Last summer, a handful of vending machines began popping up in Anacostia, a Washington, D.C., neighborhood, with unusual contents: not soda, not snacks, but children’s books. And they had an unusual price, too: free.
The vending machines were a part of Soar With Reading, a program sponsored by JetBlue to get books into the hands of kids who might not otherwise have much access to reading material during the break from school. Last year was the pilot; by the end of the summer, more than 27,000 books had been given away. (The program relaunched in Anacostia at the beginning of this month.)
“We wanted to give the notion that proprietors should have books in their neighborhoods,” says Susan Neuman, an education professor and literacy specialist at NYU who worked on the project. Even in an area devoid of bookstores, “families often buy books in dollar stores, they buy them in drugstores, in supermarkets.”

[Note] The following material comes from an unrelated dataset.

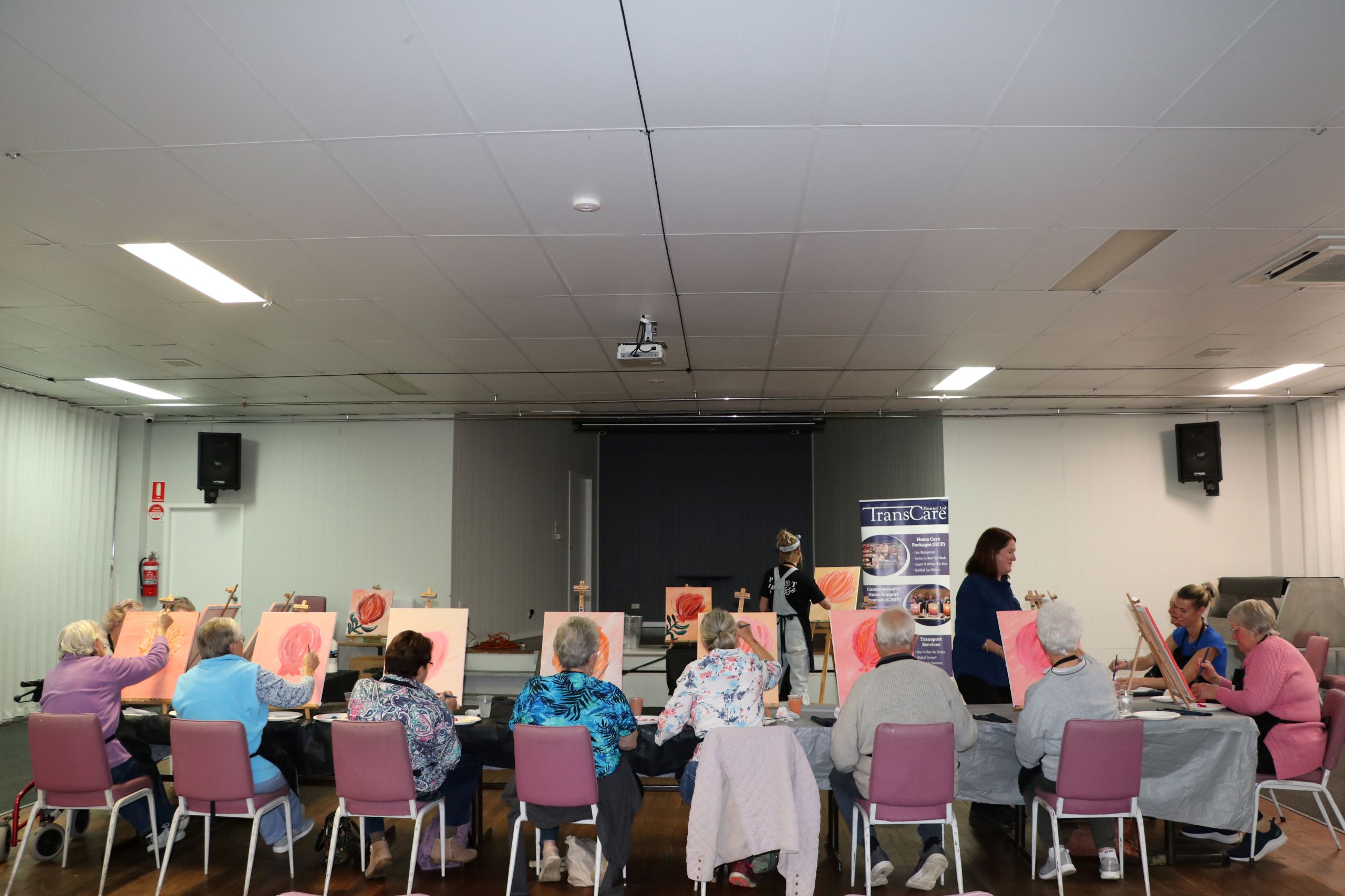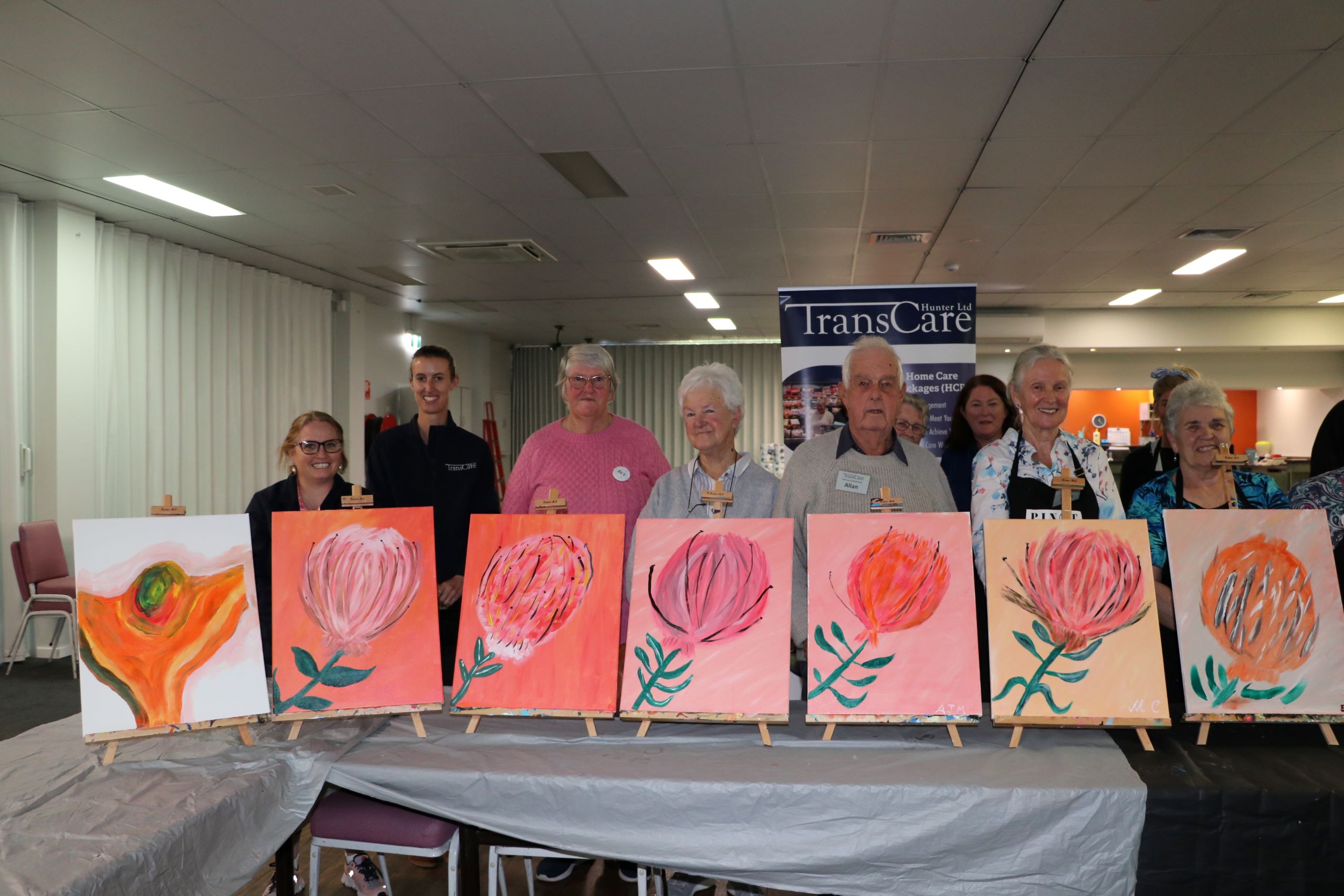 TransCare held it's 'Fun with Art' workshop yesterday morning at Aberdeen Bowling Club. Everyone enjoying painting there own interpretation of the King Protea Flower. TransCare would like to thank Sheridan from the Pinot & Picasso.

If the stores stock them, that is. If you’ve read anything about nutrition, you’ve likely heard of food deserts, typically low-income areas where access to healthy food is scarce, and where fast-food restaurants often outnumber grocery stores. In recent years, education researchers have begun to apply the same concept to books: as nourishing as fruits and veggies, in their own way, and often just as scarce. In a study recently published in the journal Urban Education, Neuman and her colleague Naomi Moland, an assistant professor at Columbia’s Teachers’ College, outlined the problem of “book deserts”: neighborhoods where it’s difficult or impossible for a kid to find something to read.
The study authors surveyed neighborhoods in Los Angeles, Detroit, and Washington, D.C., in each case choosing one high-poverty area (where more than 40 percent of residents lived below the poverty line) and one adjacent area of more mixed income, or what the researchers called “borderline” neighborhoods. They then went block by block, checking out each business that looked like it might have “print resources” (books, newspapers, magazines) and counting up what they found inside.
Neuman had headed up a similar study in 2001, looking at one affluent and one high-poverty neighborhood in Philadelphia, with dramatically disparate results — in that study, the wealthier area had around 13 books for sale for each kid, while the poorer area had one book for every 300 children.
But even in this latest paper, comparing neighborhoods with less dramatic income gaps, the difference was still stark. On average, the borderline neighborhoods had 16 times as many books per child as their high-poverty neighbors. And public libraries, which Neuman describes as “the only safety net in some of our high-poverty communities,” often don’t actually do much to alleviate the scarcity: Past research has found that as few as 8 percent of low-income families have taken advantage of their local library branches, largely because of inconvenient hours or concern over possible fines.
Of the three cities Neuman and Moland looked at, the most sizeable gap was in D.C. – in one sweep of Anacostia, where 61 percent of kids live in poverty, the researchers found no books for preschool-aged kids, and just five children’s books overall, all of them Spanish dictionaries. “It tells you that a parent couldn’t conceivably say, ‘Hey, I’d like to buy a book for my kid’ in that neighborhood,” Neuman says. By contrast, nearby Capitol Hill, with a 21 percent child-poverty rate, had more than 2,000, including nearly 700 for preschool-aged kids.
These disparities are particularly critical during the summer months, when kids are out of school: reading, or being read to, is a key part of combatting the so-called “summer slide,” when children lose knowledge gained during the year. Increased access to books is also one defense against the word gap, or the different vocabulary sizes of rich kids and poor kids: By age 3, research has shown, wealthier children have heard tens of millions more words than their less affluent peers.
But focusing solely on expanding kids’ vocabulary “is rather simplistic,” Neuman says. Reading, or being read to, also helps them develop skills “like being able to listen to a story, being able to respond to a story, that are even more important than conversation, because conversation is colloquial language. These children need to come to school with a more academic language — the language of stories, of books. They need to come to school with alphabetic skills, understanding the sound structure of our language.”
When they have books at home, “you can see children [pay attention], you can hear them repeat the story or reiterate parts of the story” in class, she adds. “I can tell, when I go into schools in New York, which kids have been read to and which haven’t.”